Handling Simple vs Complex Tasks#

Task Complexity Detection#

Currently, the system tracks all AI usage uniformly, but could be enhanced to differentiate:

# Future enhancement example
def classify_task_complexity(metadata: Dict) -> str:
    token_count = metadata.get('total_tokens', 0)
    if token_count < 1000:
        return 'simple'
    elif token_count < 5000:
        return 'medium'
    else:
        return 'complex'

Differential Cost Management#

Simple Tasks (< 1k tokens):
- Basic tracking only
- Minimal rate monitoring
- Batch processing for efficiency
Complex Tasks (> 5k tokens):
- Enhanced monitoring
- Real-time rate alerts
- Detailed attribution tracking
- Performance correlation analysis

Board-specific Considerations#

Kanban Integration#

The cost tracking system considers board-specific factors:

Project Size: MVP vs.

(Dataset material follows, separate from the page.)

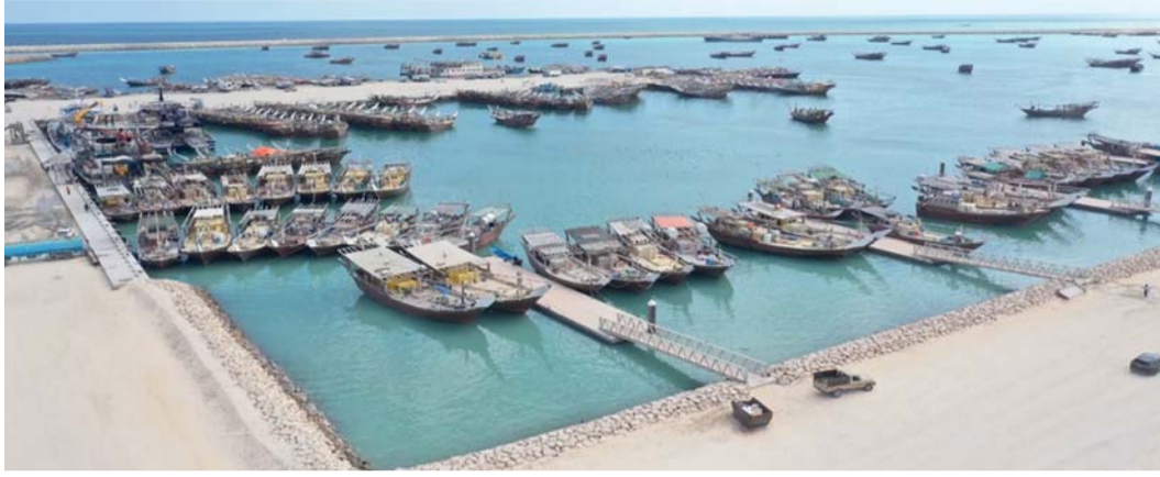
تنظيم مواسم الصيد وتطبيق أنظمة التتبع والمراقبة يسهم في مكافحة الصيد غير القانوني

تشارك سلطنة عُمان ممثلة في وزارة الثروة الزراعية والسمكية وموارد المياه دول العالم الاحتفال باليوم الدولي لمكافحة الصيد غير القانوني دون إبلاغ ودون تنظيم والذي يصادف الخامس من يونيو من كل عام. وجاءت فكرة الاحتفال بهذا اليوم عام ٢٠١٥م عندما اقترحت منظمة الأغذية والزراعة للأمم المتحدة (الفاو) يوم ٥ يونيو تحديداً وهو التاريخ الذي دخلت فيه اتفاقية تدابير دولة الميناء حيز التنفيذ رسمياً بوصفها معاهدة دولية وصك دولي ملزم وموقوف تماماً على قضية مكافحة الصيد غير القانوني دون إبلاغ أو تنظيم. ويُعرّف الصيد غير القانوني بأنه أنشطة الصيد السمكي بصورة تخالف القوانين واللوائح والأنظمة المعمول بها المتمثل في: الصيد بدون ترخيص قانوني والصيد في المناطق أو المواسم المحظورة وباستخدام معدات ووسائل

Large projects have different cost profiles
Board Complexity: Number of lanes affects AI analysis frequency
Agent Density: More agents = more context switching overhead
Task Dependencies: Complex dependency graphs require more AI analysis

Board-aware Cost Attribution#

# Future enhancement
def get_board_cost_factors(board_config: Dict) -> Dict:
    return {
        'complexity_multiplier': 1.0 + (board_config.get('lanes', 3) - 3) * 0.1,
        'agent_overhead': board_config.get('max_agents', 5) * 0.05,
        'dependency_factor': 1.0 + board_config.get('dependency_depth', 1) * 0.2
    }

Integration with Cato#

Current State#

The cost tracking system is designed to be Cato-agnostic, but could integrate for:

Cost Attribution: Track costs per Cato reasoning session
Model Selection: Route to different models based on cost constraints
Quality Correlation: Analyze cost vs. reasoning quality trade-offs

Future Cato Integration#

# Potential Cato integration
class CatoCostTracker:
    def track_reasoning_session(self, session_id: str, steps: List[Dict]):
        total_tokens = sum(step.get('tokens', 0) for step in steps)
        reasoning_depth = len(steps)
        # Track correlation between depth and cost

Position in Marcus Workflow#

Typical Scenario Flow#

1. create_project
   ├── Initialize cost tracking context
   └── Set up project cost buckets

2. register_agent
   ├── Create agent cost context
   └── Begin session tracking

3. request_next_task
   ├── AI analysis for task assignment
   ├── Cost tracking middleware intercepts
   └── Update current spend rates

4. report_progress
   ├── Include cost metrics in progress
   ├── Check for spending anomalies
   └── Update cost projections

5. report_blocker
   ├── AI analysis for blocker resolution
   ├── Track additional analysis costs
   └── Cost-aware solution ranking

6. finish_task
   ├── Final cost attribution
   ├── Session cost summary
   └── Update historical patterns

Critical Integration Points#

Agent Registration: Establishes cost attribution context
Task Assignment: Major AI analysis point requiring cost tracking
Progress Updates: Opportunity for cost reporting and alerts
Blocker Analysis: High-cost AI operation requiring monitoring
Project Completion: Final cost accounting and pattern analysis

Cost Visibility#

At each stage, the system provides:

Real-time rates: Current tokens/hour consumption
Total costs: Accumulated project expenses
Projections: Estimated final costs at current burn rate
Alerts: Anomaly detection for unusual spending patterns
Attribution: Detailed breakdown by agent, task, and operation type

The cost tracking system serves as a critical observability layer, ensuring that Marcus operates within budgetary constraints while providing the intelligence needed for effective project management.